Collecting data and performing analysis doesn’t mean much if you can’t find a way to effectively convey its meaning to an audience. Oftentimes, audience members aren’t well-positioned to understand analysis or to critically think about its implications. To engage with an audience, you need to embrace storytelling. Let’s take a look at what that means when talking about storytelling with data.
How to Build a Story Arc
One of the simplest ways to approach the problem is to treat your story as a three-act play. That means your story will have:
- An introduction
- A middle
- A conclusion
Each section of the story needs to be delineated so the audience understands the structure and the promise of a story that comes with it.
What Goes into an Introduction
In most cases, data is hidden before being subjected to analysis. That means you have to set the scene, giving the audience a sense of why the data is hidden and where it came from. You don’t necessarily want to jump right to conclusions about the data or even any basic assumptions. Instead, the data should be depicted as something of a mysterious character being introduced.
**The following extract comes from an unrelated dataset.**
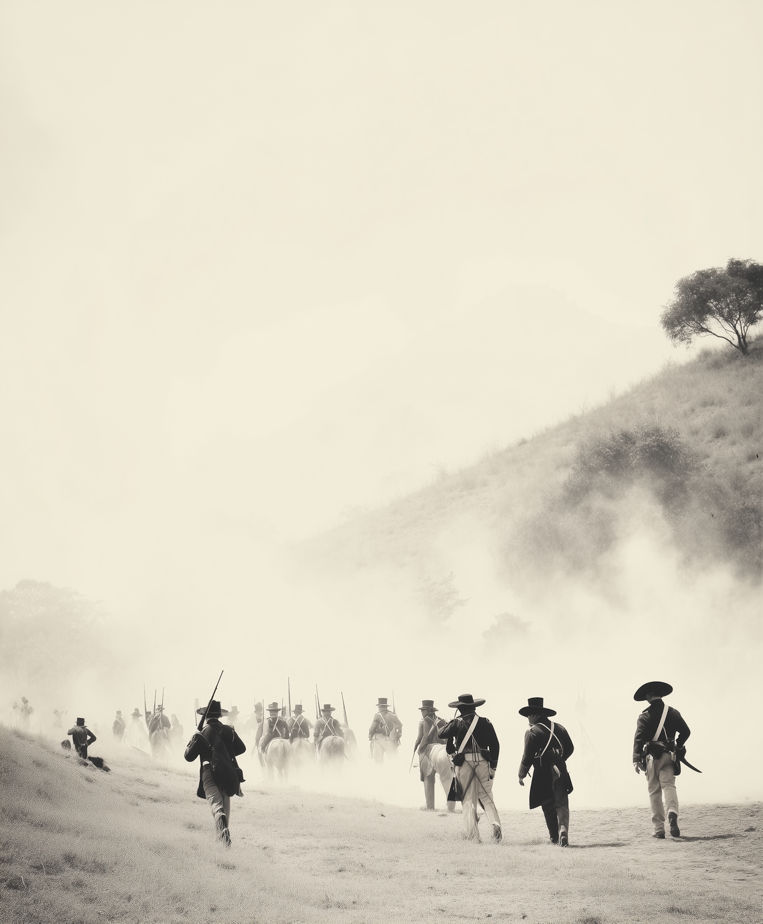 Sepia-toned image of 19th-century soldiers marching through a misty, grassy landscape, evoking a dramatic historical atmosphere.
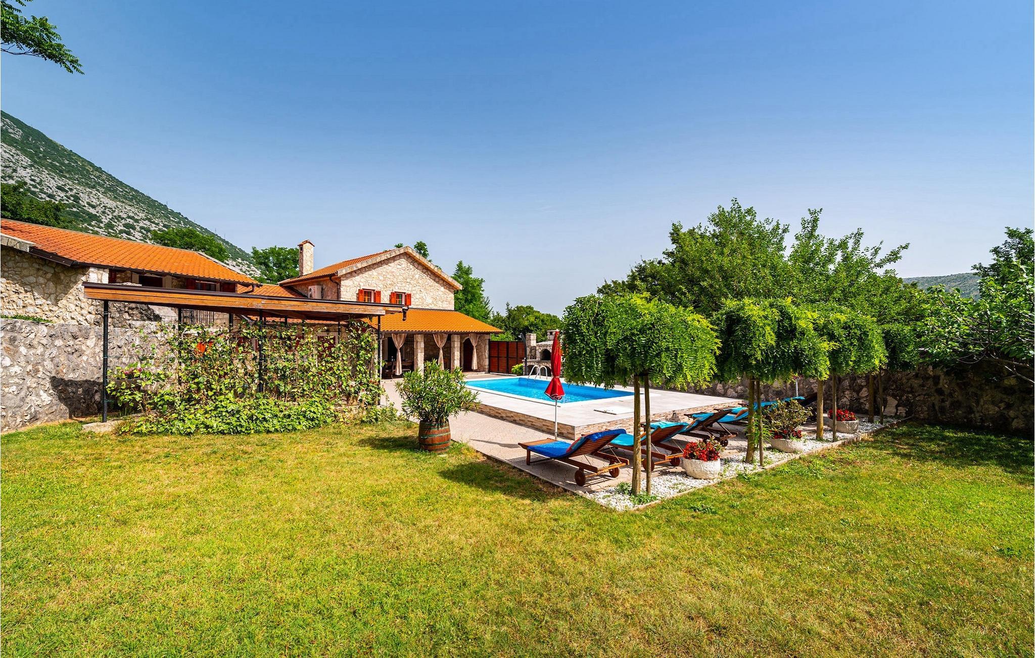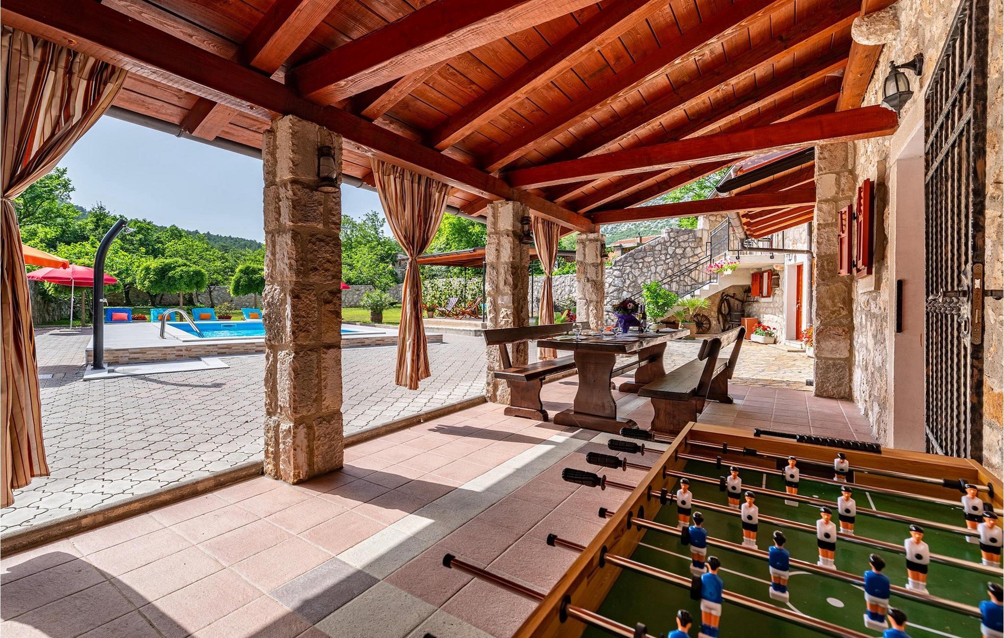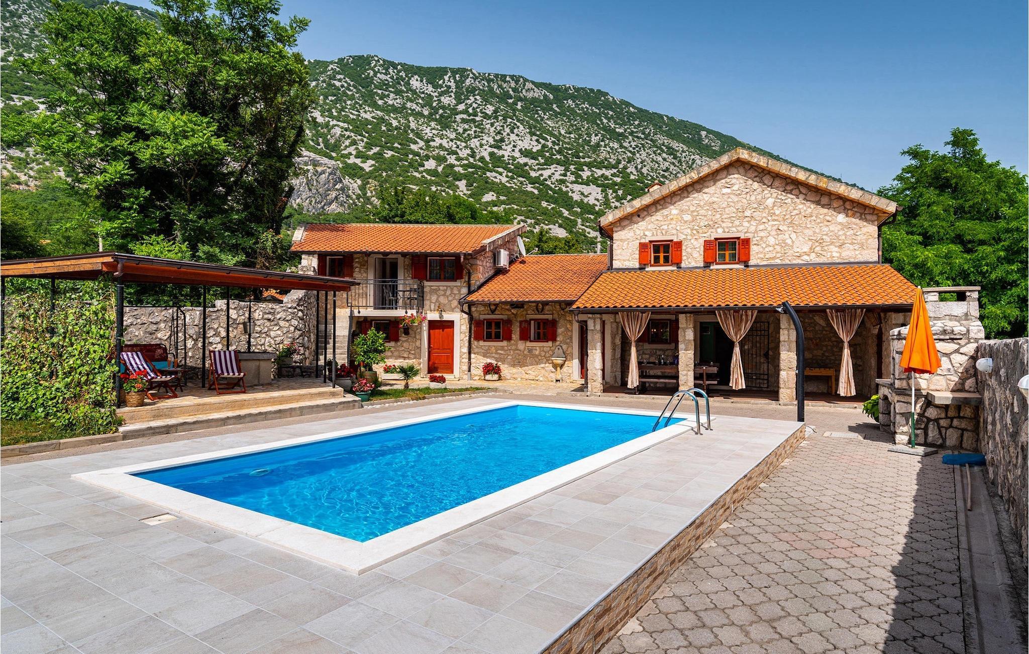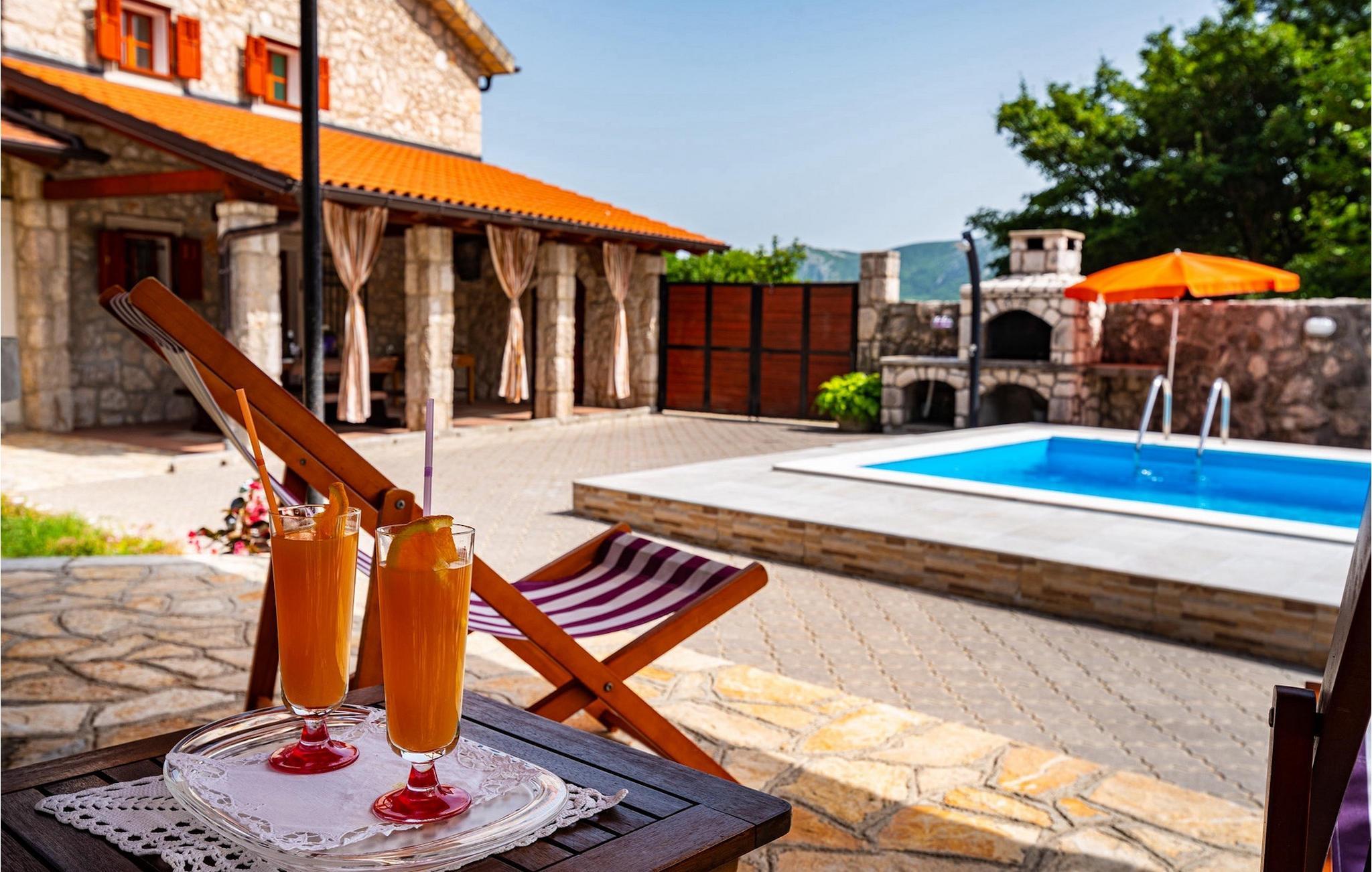 Villa Castra er et traditionelt hus fra det 19. århundrede, der blev nyrestaureret som et luksus stenhus. Huset er beliggende i Vinodol-dalen lige under den historiske Drivenik gamle bydel og slottet, som først blev nævnt i Vinodols lovkodeks i det 13. århundrede. Villaen er rummelig og elegant indrettet med stenvæggeelementer og træbjælker og interiør med aircondition. Det består af separate lejligheder; hver lejlighed har en separat indgang udefra, og de er ikke forbundet indvendigt. Lejligheden til højre består af et fuldt udstyret køkken, spisestue, 2 soveværelser med dobbeltsenge og 2 badeværelser samt en dejlig stue med fladskærms-satellit-tv og pejs til fælles brug. I lejligheden til venstre er 2 soveværelser med dobbeltsenge og 1 badeværelse. Det ydre består af en fuldstændig indhegnet stor privat have med swimmingpool og liggestole, stengrill, overdækkede terrasser med stort spisebord. Der er også gratis trådløs internetadgang og stor privat parkering. Ejendommens gunstige beliggenhed giver en ideel mulighed for dem, der foretrækker en rolig ferie væk fra stress og larm. Vinodol-dalen er et paradis for fiskere, cyklister, vandrere, vandrere, klatrere, paraglidere med mange cykelstier, vandreture og vandrestier, der passerer gennem fascinerende Vinodols områder, som giver vores gæster mulighed for at opleve bevaret natur og kulturarv. Kystbyerne Crikvenica og Novi Vinodolski med smukke strande og restauranter eller øen Krk ligger kun 10 minutters kørsel væk. Den største kroatiske havneby Rijeka ligger 30 km derfra, og Rijeka Lufthavn ligger 5 km derfra. En bil anbefales.

If the storytelling medium is entirely visual, then you need to find a way to present the data. The Minard Map is a classic example of how to do this. It uses data to tell the story of the slow destruction of Napoleon’s army during the invasion of Russia. Minard employs a handful of vital statistics to explain what’s going to happen as the story unfolds. These include the:
- Sizes of the competing armies
- The geographic proximity of the two forces
- Air temperature
The audience can familiarize themselves with the data quickly and easily understand what this story is going to entail just by reading the vital statistics. In this particular case, this story is going to be about man versus the elements.
Unfolding the Middle of the Story
Following the presentation of the story should guide the audience toward the conclusion. In the case of the Minard Map, the middle of the story is about a slowly shrinking French army and a slowly growing Russian army that tracks the French. Military engagements occur, and the weather starts to turn. Geographic elements are worked into the graph, too, as the armies cross rivers and march into towns.
Providing the Conclusion
A well-executed data visualization should let the audience get to the conclusion without much prodding. The Minard Map makes its point without beating the audience over the head. By the third act, it’s clear that the conditions have turned and the Russians are now close to matching the French in manpower. As the two armies reach Moscow, it’s clear that what started as a triumphant march has ended as an immense loss.
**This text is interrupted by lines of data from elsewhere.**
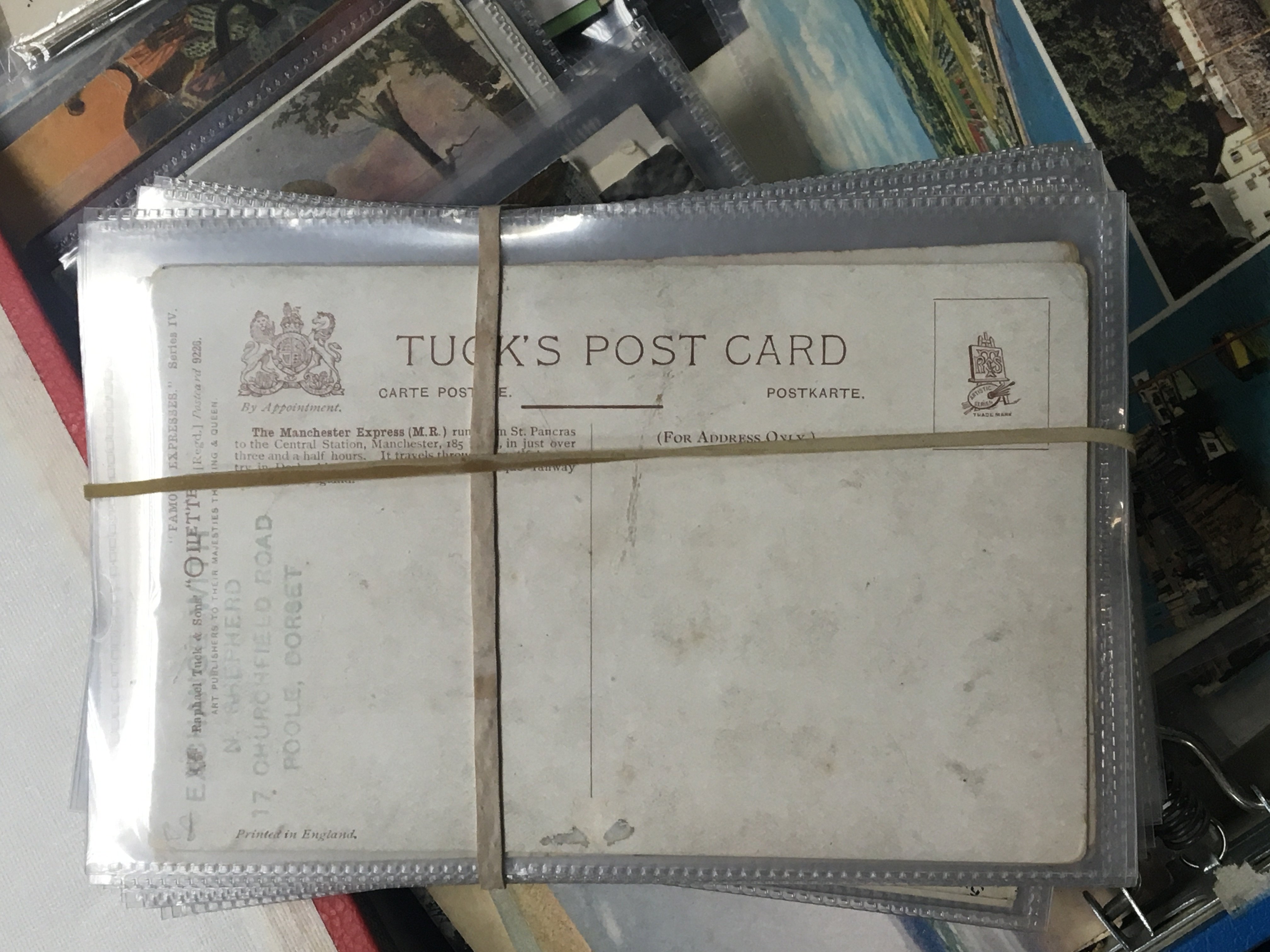Three file boxes containing a large quantity of mixed postcards including a range of Tucks postcards Express locomotives and vintage steam trains and many other post cards (3)
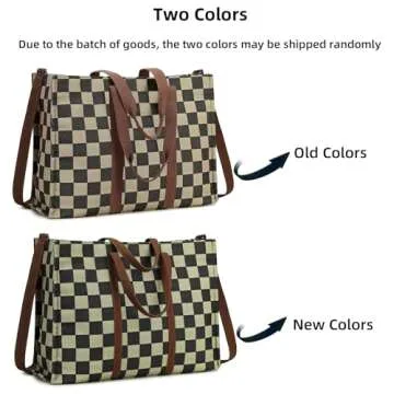 Laptop Tote Bag for Women Work Shoulder Bags 15.6 inch Canvas Lattice Laptop Computer Purse Messenger Teacher Handbag Business Office Briefcase(Khaki-Black)
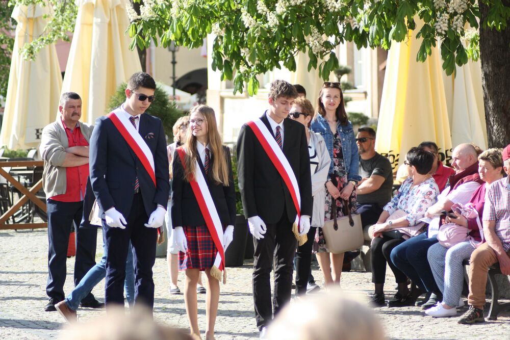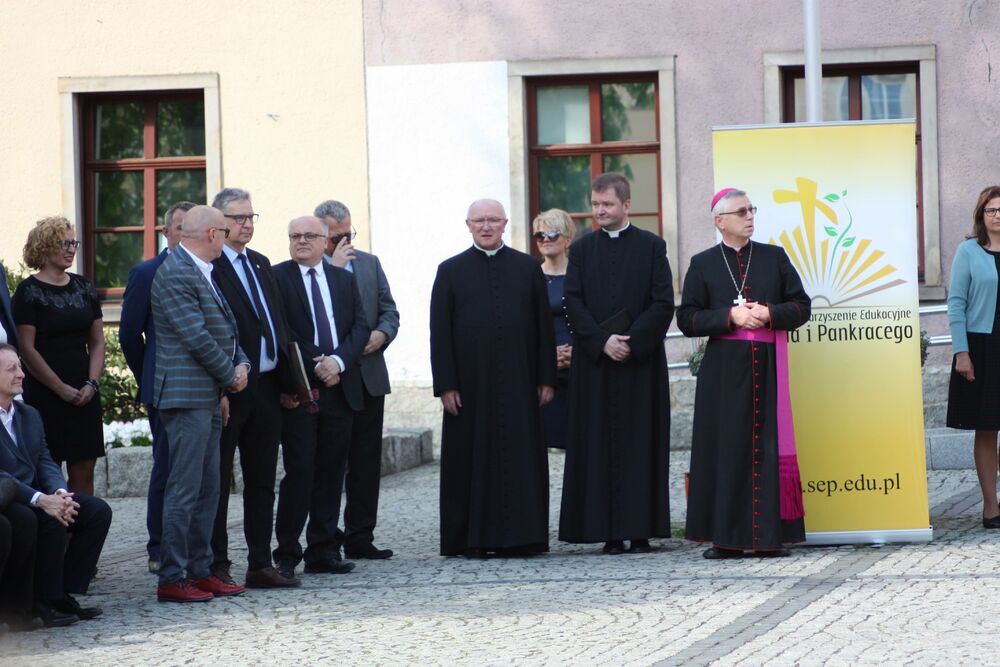 Uroczyste obchody X-lecia naszej szkoły rozpoczęliśmy o 17:00 na Placu Ratuszowym w Jeleniej Górze. Zgromadziliśmy się tłumnie wraz z naszymi rodzicami. Całość rozpoczął Ksiądz Dyrektor, który przywitał nas i podziękował wszystkich dobroczyńcom. Przemawiali również: Bp Andrzej Siemieniewski, senator Krzysztof Mróz, Pan Julian Pyrzanowski, Pan Janusz Łyczko - zastępca Prezydenta Miasta Jelenia Góra.

In its best form, data storytelling shouldn’t feel like a sea of numbers at all. People have seen numerous charts and graphs in their lifetimes, even over the regular course of a single day of business, and that means good-enough visualizations that are focused on presenting numbers tend to become white noise.
Good data storytellers make history. Florence Nightingale’s analysis of casualties during the Crimean War permanently changed the way all forms of medical treatment are provided. Her work is still required reading at many nursing and medical schools more than 150 years later. That’s the goal: to engage the audience so thoroughly that the story and the data long outlast your initial presentation.
Accomplishing that goal requires planning. You can’t just fire up your best data visualization software, import some info from Excel and let the bars and bubbles fly. That’s easy to do because many software packages can deliver solid-looking results in a matter of minutes.
Top-quality data storytelling occurs when the audience is given just enough information to set and understand the scene. Someone scanning the visualizations will then follow the information as it unfolds over time. As the audience approaches the conclusion, they should be left with a strong impression regarding what the data says and what they should learn from it.